## Preparation

Before we can start an AlphaFold3 calculations, the terms of use for AlphaFold3 requier that each user must obtain their own copy of the trained model parameters:

1. Fill out the form [https://forms.gle/svvpY4u2jsHEwWYS6](https://forms.gle/svvpY4u2jsHEwWYS6)
2. Once access has been granted, download the model parameters file: af3.bin.zst
3. Store the model parameters file in a directory on the cluster, for example in $HOME/af3-models

AlphaFold 3 will not run without the model parameters file.

In [None]:
from pathlib import Path

ALPHAFOLD_MODEL_DIR = "af3models"

Next we need to define where AlphaFold finds our input data and where the output files are written to. You can see these files in the file browser on the left. If you change these names, remember to change them in the second notebook as well.

In [None]:
ALPHAFOLD_WORKING_DIR = Path("afold_test")
ALPHAFOLD_RESULTS_DIR_PART1 = ALPHAFOLD_WORKING_DIR / "output"

## Input File
For each run, the protein structure needs to be supplied in the AlphaFold3 Input file. The structure of these files can be found [in the AlphaFold3 github](https://github.com/google-deepmind/alphafold3/blob/main/docs/input.md), with examples [here](https://github.com/google-deepmind/alphafold3/blob/main/docs/input.md#full-example). Note that larger prediction runs might require different settings in the start of the jupyter session!
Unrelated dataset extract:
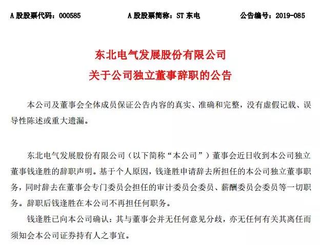 随后,东北电气发展股份有限公司发布公告,称基于个人原因,钱逢胜申请辞去所担任的本公司独立董事职务,同时辞去在董事会专门委员会担任的审计委员会委员、薪酬委员会委员等一切职务。
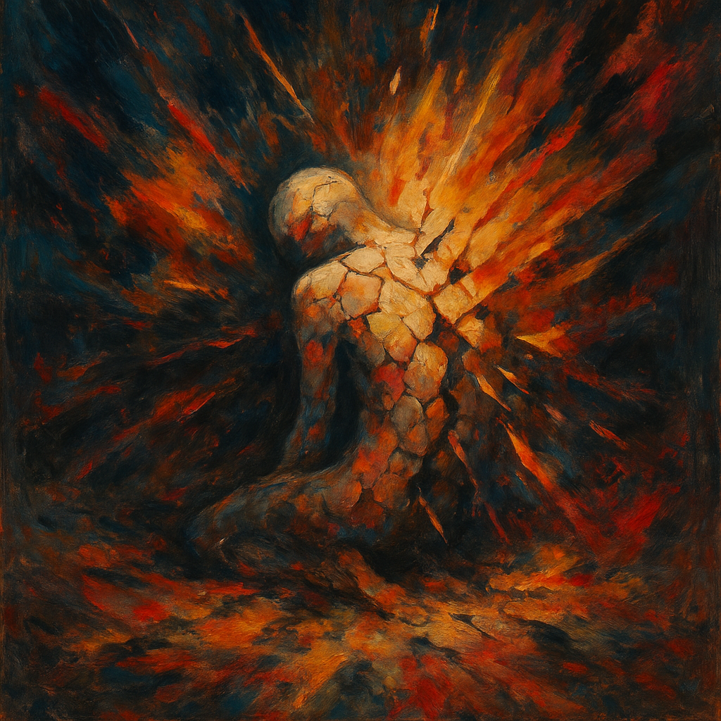 Brisance (n.): The shattering force of an explosive; by extension, the sudden breaking or fragmentation of something once whole.

Fill in the sequence and chain ids, and remember the project name in "name".

In [None]:
input_json = """
{
"name": "test",
"sequences": [
  {   
    "protein": 
    {
      "id": ["A", "B"],
      "sequence": "GMRESYANENQFGFKTINSDIHKIVIVGGYGKLGGLFARYLRASGYPISILDREDWAVAESILANADVVIVSVPINLTLETIERLKPYLTENMLLADLTSVKREPLAKMLEVHTGAVLGLHPMFGADIASMAKQVVVRCDGRFPERYEWLLEQIQIWGAKIYQTNATEHDHNMTYIQALRHFSTFANGLHLSKQPINLANLLALSSPIYRLELAMIGRLFAQDAELYADIIMDKSENLAVIETLKQTYDEALTFFENNDRQGFIDAFHKVRDWFGDYSEQFLKESRQLLQQANDLKQG"
    }
  }
],
"modelSeeds": [1],
"dialect": "alphafold3",
"version": 1
}

"""

ALPHAFOLD_JSON_PATH = ALPHAFOLD_WORKING_DIR / "input.json"  # file name?

with open(ALPHAFOLD_JSON_PATH, "w") as file:
    file.write(input_json)

Now we combine the information on input and output directories to generate the run file to start the calculation:

In [None]:
run_file = f"""
#!/bin/bash
# AlphaFold 3 - Part 1: Alignment (CPU only)

# Load software module 
module load bio/alphafold/3.0.1

# Run with option --norun_inference to generate Multiple Sequence Alignments (MSAs) and templates
python $ALPHAFOLD_BIN_DIR/run_alphafold.py \\
    --json_path={str(ALPHAFOLD_JSON_PATH)} \\
    --db_dir=$ALPHAFOLD_DATABASES \\
    --model_dir={str(ALPHAFOLD_MODEL_DIR)}  \\
    --output_dir={str(ALPHAFOLD_RESULTS_DIR_PART1)}  \\
    --norun_inference
"""

ALPHAFOLD_RUN_PATH = ALPHAFOLD_WORKING_DIR / "run.sh"  # file name!

with open(ALPHAFOLD_RUN_PATH, "w") as file:
    file.write(run_file)

## Run the Multi Sequence Alignment
Execute the cell below to start the alignment job. Good luck!


In [None]:
! bash {ALPHAFOLD_RUN_PATH}

## Next steps
Once the MSA alignment ends with "Done processing" the next step on a GPU machine can be started.

Keep an eye out for "Output directory ... exists and non-empty, using instead ..." in the cell output above, since we need the output files for the next step!